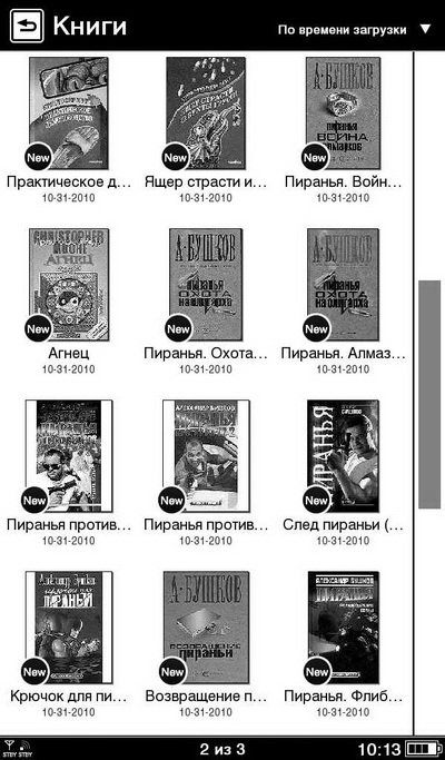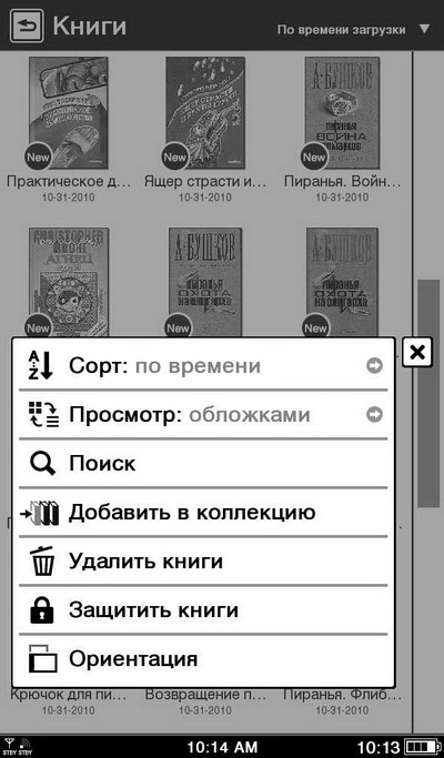 Там интереснее всего режим отображения книг. По умолчанию выводятся обложки. Вы можете также задать режим списка и только название. Второй режим отличается от первого тем, что там не указывается дата файла и название может выводиться в две строки.
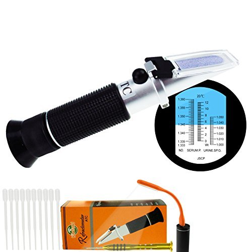 * This clinical refractometer provides veterinarians and clinicians with quick and accurate indication of vital fluid's levels. The 3-in-1 scale design measures Urine Specific Gravity (SG), Total Serum Protein (SP) and Refractive Index (RI). * The specific gravity of urine can be measured with a special hydometer so-called urinometer. Measuring by this refractometer is simplier - you need only a few drops of urine and you need not use a temperature compensation table. * ATC Compensation Range (Built-in Automatic Temperature Compensation System) from 10~30°C. * Easy and very convenient to use. Place a few drops of the liquid on the optical part of the refractometer, cover the prism (the liquid will spread more easily over the prism), look through the eyepiece against the light (focus, if necessary) and you will be able to read the result value on the scale. SPECIFICATIONS: Scale / Characteristic: Serum Protein Scale Range: 0~12g/dl Resolution: 0.2g/dl Scale / Characteristic: Urine Specific Gravity Scale Range: 1.000~1.050sg Resolution: 0.005sg Scale / Characteristic: Refractive Index Scale Range: 1.333 to 1.360 RI Resolution: 0.0005 RI Reference temperature 20°C Automatic Temperature Compensation (ATC: 10~30°C) Focus possibility Item Weight: 3.5 ounces Length: 175mm Shipping Weight: 12 ounces Shipping Dimensions: 8.3 x 3.6 x 2.2 inches PACKAGE INCLUDES: Refractometer x 1 Distilled Water x 1 Pipette x 10 Mini USB Light x 1 Screwdriver x 1 Cleaning Cloth x 1 User Manual x 1 Firm Plastic Case x 1 Paper Box x 1
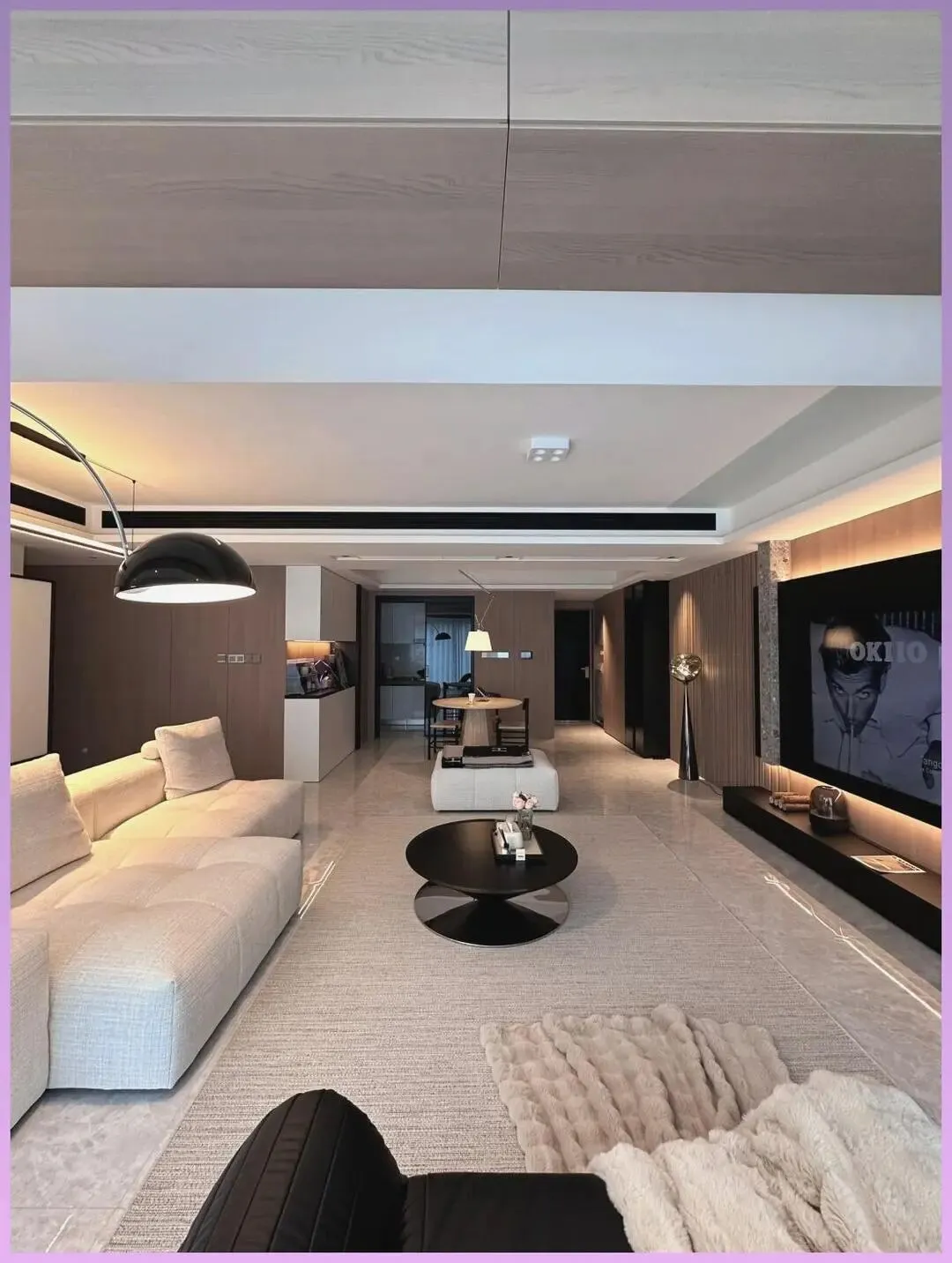 先说结论:这家是真正为“懒得打扫又想体面生活”的人装的家。没复杂造型、没堆砌硬装,靠大横厅+无主灯+一条长地毯,硬是把普通高层公寓整出了电影感。
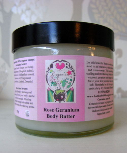 Cocus nucifera (Coconut Butter), Mangifera indica (Mango Butter), Helianthus annus (Sunflower oil), Pelergonium graveolens (Rose Geranium oil), Linalool, Geraniol
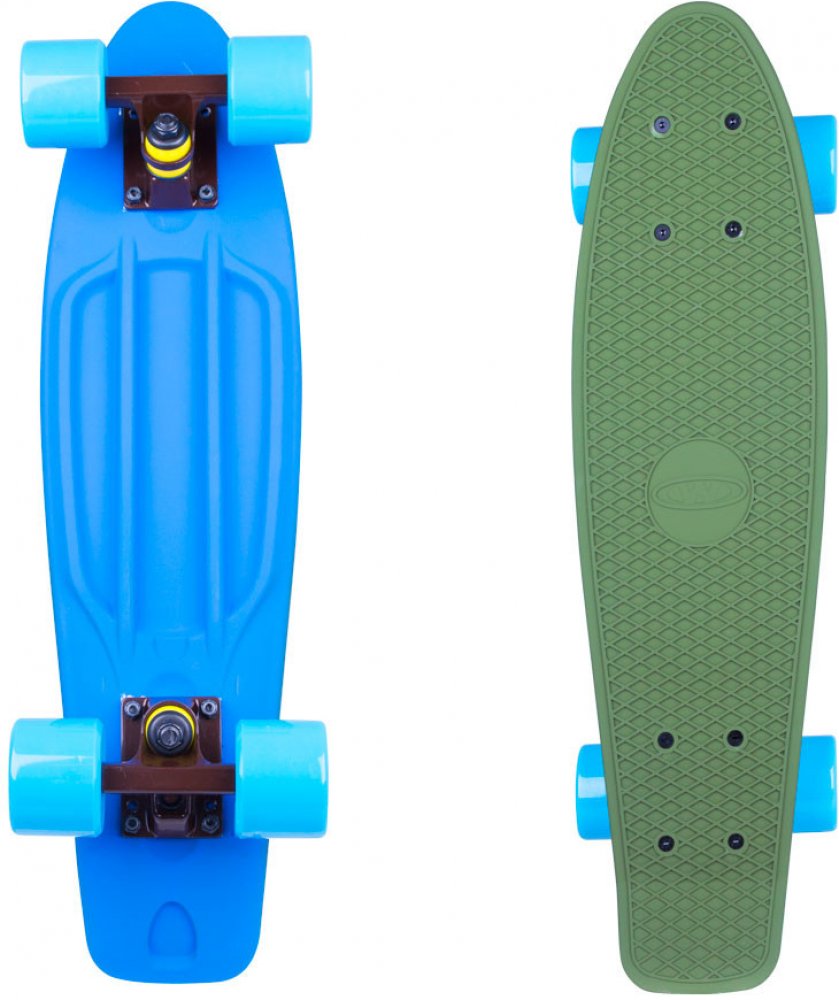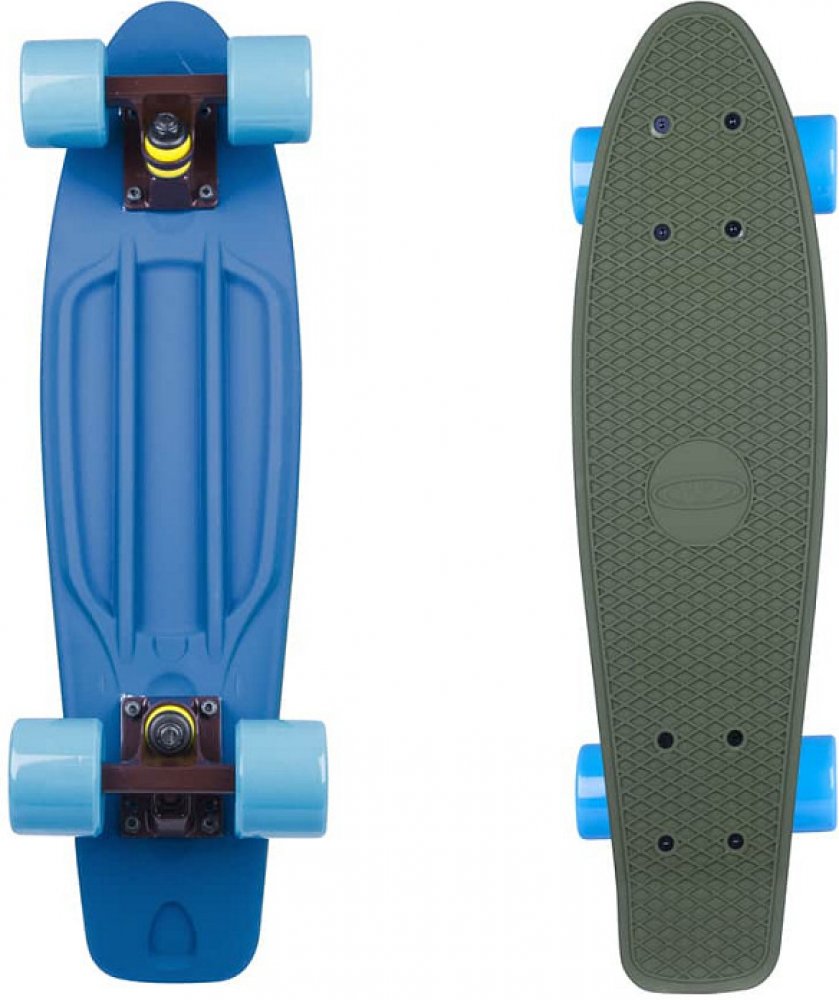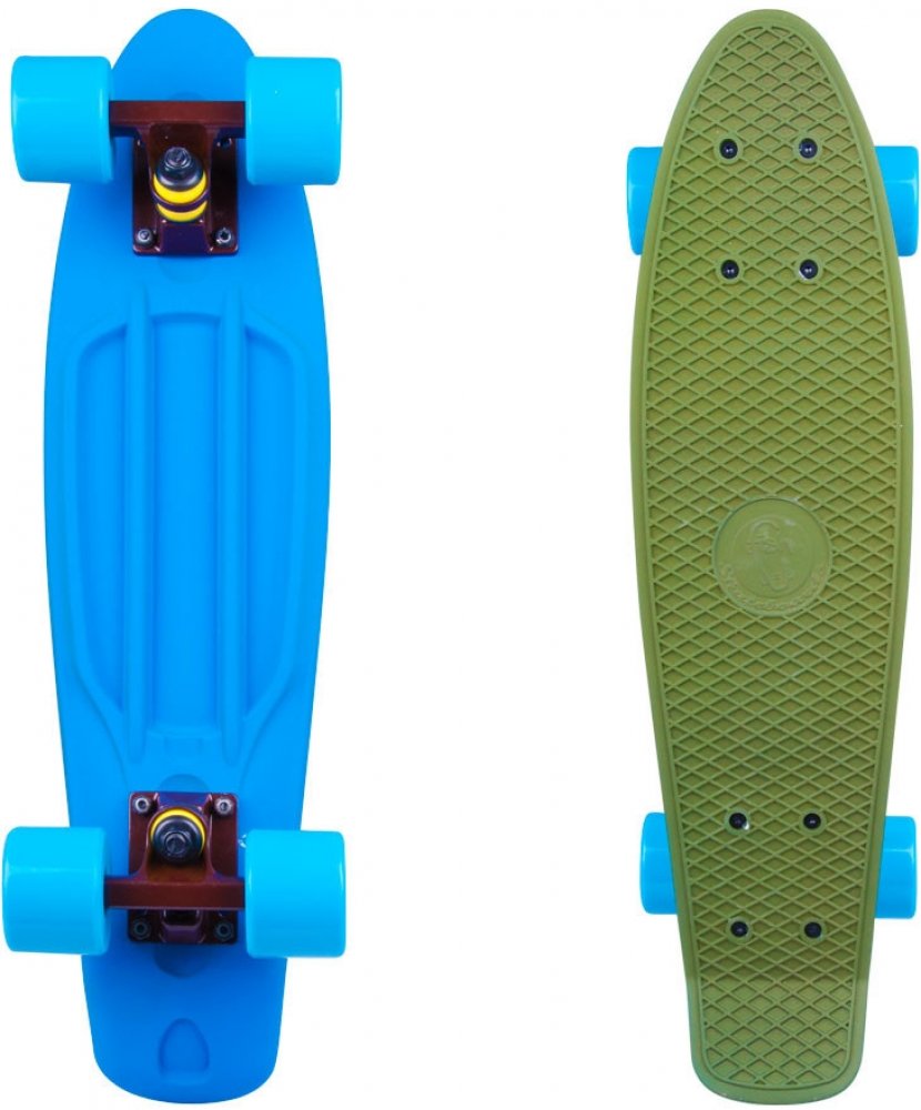 Tento penny board je s trochou nadsázky jako obrněný bojový letoun: prakticky nezničitelná deska, kaučukový nátěr odolný proti poškrábání a k tomu barevné zpracování v armádně-námořním stylu.

PROBLEM
Your copy of the records must be exact and must contain no pictures.

TASK SOLUTION
 Там интереснее всего режим отображения книг. По умолчанию выводятся обложки. Вы можете также задать режим списка и только название. Второй режим отличается от первого тем, что там не указывается дата файла и название может выводиться в две строки.
 * This clinical refractometer provides veterinarians and clinicians with quick and accurate indication of vital fluid's levels. The 3-in-1 scale design measures Urine Specific Gravity (SG), Total Serum Protein (SP) and Refractive Index (RI). * The specific gravity of urine can be measured with a special hydometer so-called urinometer. Measuring by this refractometer is simplier - you need only a few drops of urine and you need not use a temperature compensation table. * ATC Compensation Range (Built-in Automatic Temperature Compensation System) from 10~30°C. * Easy and very convenient to use. Place a few drops of the liquid on the optical part of the refractometer, cover the prism (the liquid will spread more easily over the prism), look through the eyepiece against the light (focus, if necessary) and you will be able to read the result value on the scale. SPECIFICATIONS: Scale / Characteristic: Serum Protein Scale Range: 0~12g/dl Resolution: 0.2g/dl Scale / Characteristic: Urine Specific Gravity Scale Range: 1.000~1.050sg Resolution: 0.005sg Scale / Characteristic: Refractive Index Scale Range: 1.333 to 1.360 RI Resolution: 0.0005 RI Reference temperature 20°C Automatic Temperature Compensation (ATC: 10~30°C) Focus possibility Item Weight: 3.5 ounces Length: 175mm Shipping Weight: 12 ounces Shipping Dimensions: 8.3 x 3.6 x 2.2 inches PACKAGE INCLUDES: Refractometer x 1 Distilled Water x 1 Pipette x 10 Mini USB Light x 1 Screwdriver x 1 Cleaning Cloth x 1 User Manual x 1 Firm Plastic Case x 1 Paper Box x 1
 先说结论:这家是真正为“懒得打扫又想体面生活”的人装的家。没复杂造型、没堆砌硬装,靠大横厅+无主灯+一条长地毯,硬是把普通高层公寓整出了电影感。
 Cocus nucifera (Coconut Butter), Mangifera indica (Mango Butter), Helianthus annus (Sunflower oil), Pelergonium graveolens (Rose Geranium oil), Linalool, Geraniol
 Tento penny board je s trochou nadsázky jako obrněný bojový letoun: prakticky nezničitelná deska, kaučukový nátěr odolný proti poškrábání a k tomu barevné zpracování v armádně-námořním stylu.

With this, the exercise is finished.